See Page 11 for a reconciliation between Generally Accepted Accounting Principles (“GAAP”) net income and core net income.  In calculating core net income, the Bank did not make any adjustments other than those relating to after-tax gains and losses on equity securities, realized and unrealized and after-tax gains on the disposal of fixed assets, as applicable.

Balance Sheet

Total assets increased to $4.484 billion at December 31, 2023, representing 7% growth from December 31, 2022.

Net loans increased to $3.914 billion at December 31, 2023, representing 7% growth from December 31, 2022.  Lending was concentrated in the Boston and Washington D.C. markets and remained focused on multifamily commercial real estate.  Lending in the San Francisco Bay Area market was relatively limited in 2023; the Bank continues to evaluate new opportunities, but the Bank’s customers have been less active given market conditions.  As noted below, asset quality remained strong.

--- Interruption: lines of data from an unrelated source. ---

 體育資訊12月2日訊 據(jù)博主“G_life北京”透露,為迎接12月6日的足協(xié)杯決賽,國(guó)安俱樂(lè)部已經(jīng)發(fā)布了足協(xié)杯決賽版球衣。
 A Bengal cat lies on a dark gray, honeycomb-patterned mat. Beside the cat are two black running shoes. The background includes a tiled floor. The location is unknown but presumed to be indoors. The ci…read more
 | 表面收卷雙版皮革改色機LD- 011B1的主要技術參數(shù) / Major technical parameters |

Retail and business deposits were $1.861 billion at December 31, 2023, representing a 2% decline from December 31, 2022.  Non-interest-bearing deposits, included in retail and business deposits, decreased to $339.1 million at December 31, 2023, representing a 12% decline from December 31, 2022.  A portion of the non-interest bearing deposits shifted towards higher-rate alternatives at the Bank.  In 2023, the Bank continued to focus on developing new relationships with commercial, non-profit, and existing customers.  The stability of the Bank’s balance sheet, as well as full and unlimited deposit insurance through the Bank’s participation in the Massachusetts Depositors Insurance Fund, has historically been appealing to customers in times of uncertainty and helped the Bank mitigate the challenging deposit environment experienced in 2023.

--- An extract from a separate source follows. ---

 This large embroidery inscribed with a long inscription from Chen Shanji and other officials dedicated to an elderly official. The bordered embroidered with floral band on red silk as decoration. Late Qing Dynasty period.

Although the environment for deposit growth was a challenging one in a number of respects, it also presented significant opportunities that the Bank did not adequately capitalize on.  The Bank’s performance with respect to retail and commercial deposit growth in 2023 was not consistent with the Bank’s historical performance.  The Bank has taken a number of steps to address this matter, including hiring several new commercial relationship managers in our Specialized Deposit Group, obtaining branch powers for our Washington D.C. office, and hiring a dedicated relationship manager in San Francisco who will start in 2024.

Wholesale deposits, which include brokered and listing service time deposits, were $488.7 million at December 31, 2023, representing a 20% decline from December 31, 2022, as the Bank continued to manage its wholesale funding mix between wholesale time deposits and Federal Home Loan Bank advances in order to mitigate the negative impact of increasing short term rates in the cost of funds.  This decline in wholesale deposits was primarily driven by the decline in the Bank’s listing service time deposits, as the Bank opted to replace this funding with brokered certificates of deposit and borrowings from the Federal Home Loan Bank.  Pricing in the listing service market generally exceeded other wholesale funding sources during 2023.

Borrowings from the Federal Home Loan Bank totaled $1.693 billion at December 31, 2023, representing a 33% growth from December 31, 2022.  As of December 31, 2023, the Bank maintained $598.9 million in immediately available borrowing capacity at the Federal Home Loan Bank of Boston and the Federal Reserve Bank, in addition to the $345.0 million cash balance held at the Federal Reserve Bank.  Borrowings from the Federal Home Loan Bank have always comprised a significant portion of the Bank’s balance sheet.

Book value per share was $188.50 as of December 31, 2023, representing 5% growth from December 31, 2022.  In addition to the increase in book value per share, the Bank has declared $2.52 in regular dividends per share since December 31, 2022.  The trailing five year compound annual growth rate in book value per share, an important measure of long-term value creation, was 13.6%.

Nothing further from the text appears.